PROBLEM:
Under this line are the records; repeat exactly the lines starting at the one containing "The Sustainability Committee" and ending at the one containing "點擊進入九牧王、良品鋪子、東", omitting pictures.

DATA FOR THIS EXERCISE:
____________________

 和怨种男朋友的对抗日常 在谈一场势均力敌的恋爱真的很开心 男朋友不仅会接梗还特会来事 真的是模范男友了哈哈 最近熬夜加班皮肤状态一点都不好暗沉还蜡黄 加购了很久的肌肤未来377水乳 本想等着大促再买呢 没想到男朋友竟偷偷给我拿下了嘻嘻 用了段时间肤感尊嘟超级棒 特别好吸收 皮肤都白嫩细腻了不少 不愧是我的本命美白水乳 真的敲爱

____________________

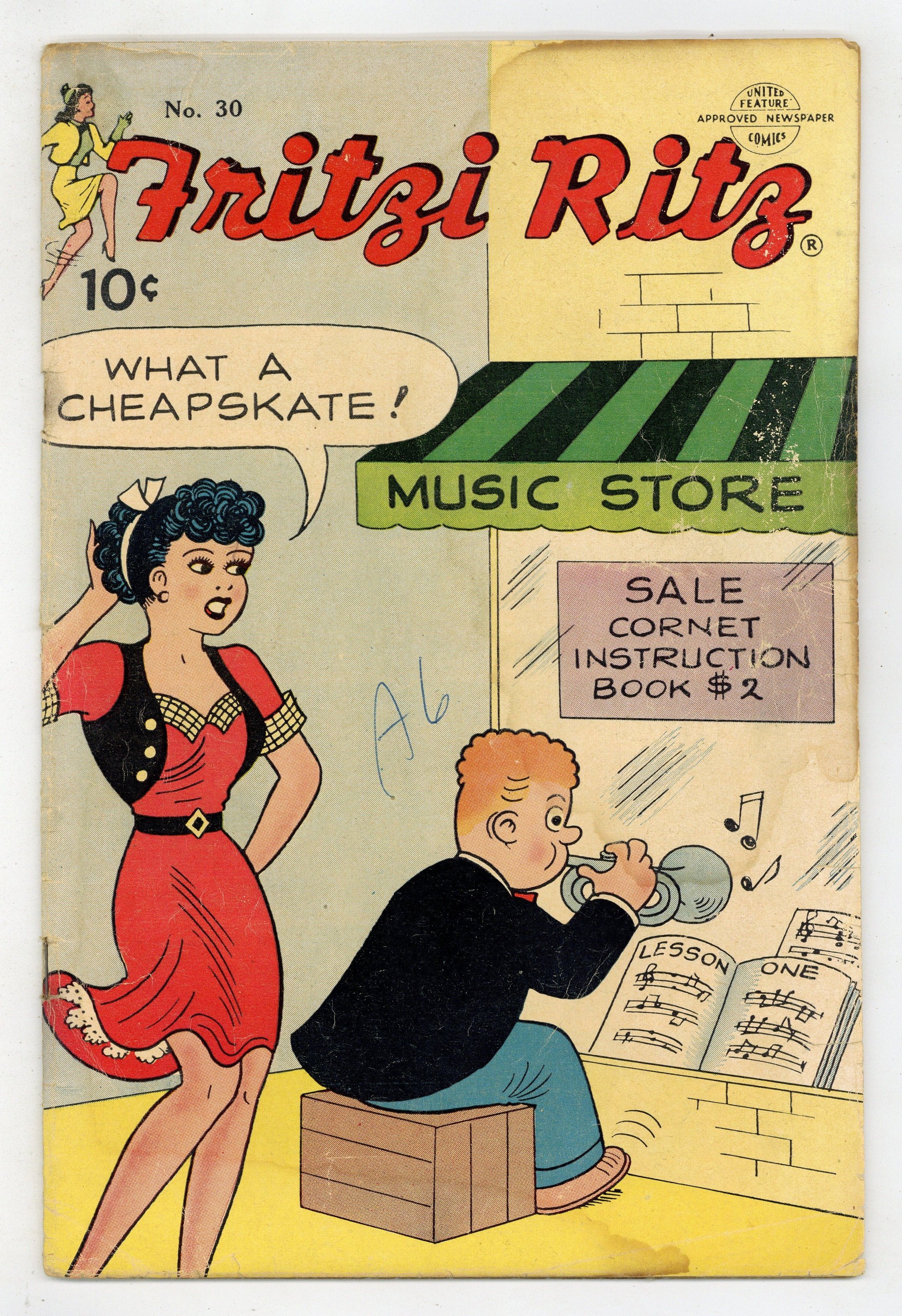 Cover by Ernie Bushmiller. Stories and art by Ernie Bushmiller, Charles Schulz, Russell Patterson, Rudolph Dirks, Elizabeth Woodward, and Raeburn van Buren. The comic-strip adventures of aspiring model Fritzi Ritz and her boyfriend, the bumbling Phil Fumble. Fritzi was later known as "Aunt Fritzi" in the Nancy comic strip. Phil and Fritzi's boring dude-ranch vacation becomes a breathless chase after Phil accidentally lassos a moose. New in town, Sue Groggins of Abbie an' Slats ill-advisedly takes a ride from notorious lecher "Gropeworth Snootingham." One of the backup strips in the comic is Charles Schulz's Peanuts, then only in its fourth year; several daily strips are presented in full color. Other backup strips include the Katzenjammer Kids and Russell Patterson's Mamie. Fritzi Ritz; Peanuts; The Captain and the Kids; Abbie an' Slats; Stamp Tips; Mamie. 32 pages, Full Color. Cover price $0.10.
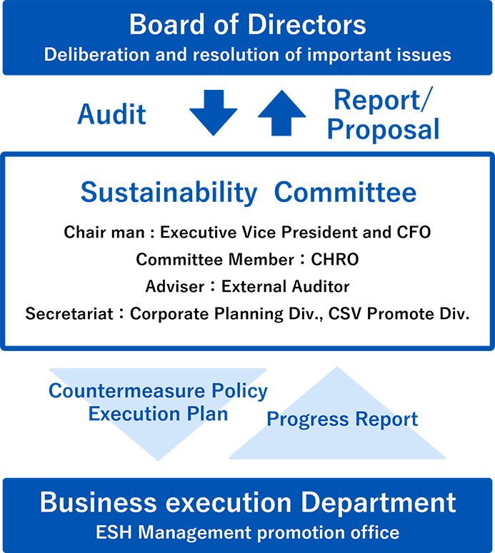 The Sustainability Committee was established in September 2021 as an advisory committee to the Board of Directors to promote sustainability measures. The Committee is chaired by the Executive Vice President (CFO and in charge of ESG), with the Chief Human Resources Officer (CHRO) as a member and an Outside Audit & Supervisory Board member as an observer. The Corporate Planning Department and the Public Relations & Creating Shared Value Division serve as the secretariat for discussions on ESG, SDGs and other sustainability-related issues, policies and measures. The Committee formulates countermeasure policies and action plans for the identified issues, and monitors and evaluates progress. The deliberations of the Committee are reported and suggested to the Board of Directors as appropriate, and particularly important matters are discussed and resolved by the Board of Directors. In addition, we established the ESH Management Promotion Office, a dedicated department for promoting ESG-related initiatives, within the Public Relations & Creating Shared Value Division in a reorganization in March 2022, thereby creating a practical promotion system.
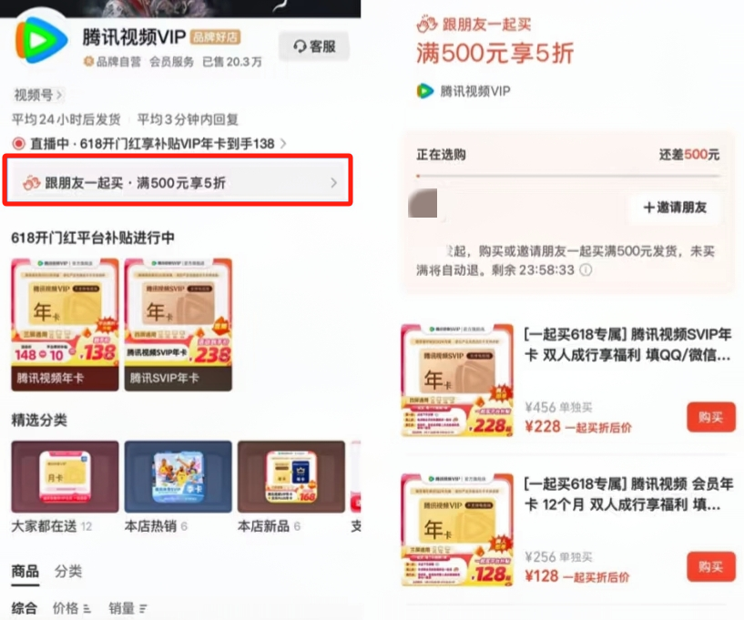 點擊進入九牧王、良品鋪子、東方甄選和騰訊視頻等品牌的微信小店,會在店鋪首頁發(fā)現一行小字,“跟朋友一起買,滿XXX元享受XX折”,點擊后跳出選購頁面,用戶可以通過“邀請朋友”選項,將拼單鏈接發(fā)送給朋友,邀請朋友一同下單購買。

____________________

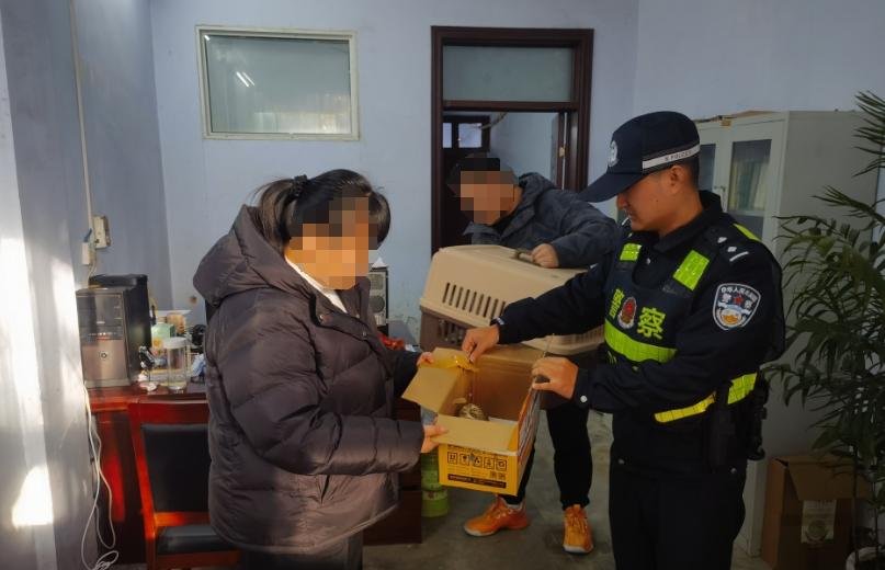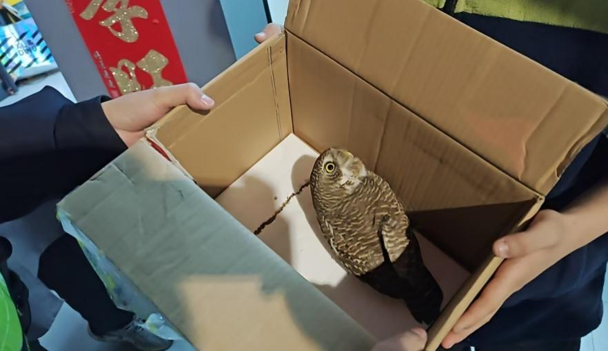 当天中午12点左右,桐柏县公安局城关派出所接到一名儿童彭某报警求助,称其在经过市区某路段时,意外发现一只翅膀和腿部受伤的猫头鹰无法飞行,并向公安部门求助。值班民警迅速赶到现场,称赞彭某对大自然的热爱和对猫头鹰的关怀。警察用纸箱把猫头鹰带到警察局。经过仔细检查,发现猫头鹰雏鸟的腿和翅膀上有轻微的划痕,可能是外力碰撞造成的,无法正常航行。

____________________

RESULT BELOW:
 The Sustainability Committee was established in September 2021 as an advisory committee to the Board of Directors to promote sustainability measures. The Committee is chaired by the Executive Vice President (CFO and in charge of ESG), with the Chief Human Resources Officer (CHRO) as a member and an Outside Audit & Supervisory Board member as an observer. The Corporate Planning Department and the Public Relations & Creating Shared Value Division serve as the secretariat for discussions on ESG, SDGs and other sustainability-related issues, policies and measures. The Committee formulates countermeasure policies and action plans for the identified issues, and monitors and evaluates progress. The deliberations of the Committee are reported and suggested to the Board of Directors as appropriate, and particularly important matters are discussed and resolved by the Board of Directors. In addition, we established the ESH Management Promotion Office, a dedicated department for promoting ESG-related initiatives, within the Public Relations & Creating Shared Value Division in a reorganization in March 2022, thereby creating a practical promotion system.
 點擊進入九牧王、良品鋪子、東方甄選和騰訊視頻等品牌的微信小店,會在店鋪首頁發(fā)現一行小字,“跟朋友一起買,滿XXX元享受XX折”,點擊后跳出選購頁面,用戶可以通過“邀請朋友”選項,將拼單鏈接發(fā)送給朋友,邀請朋友一同下單購買。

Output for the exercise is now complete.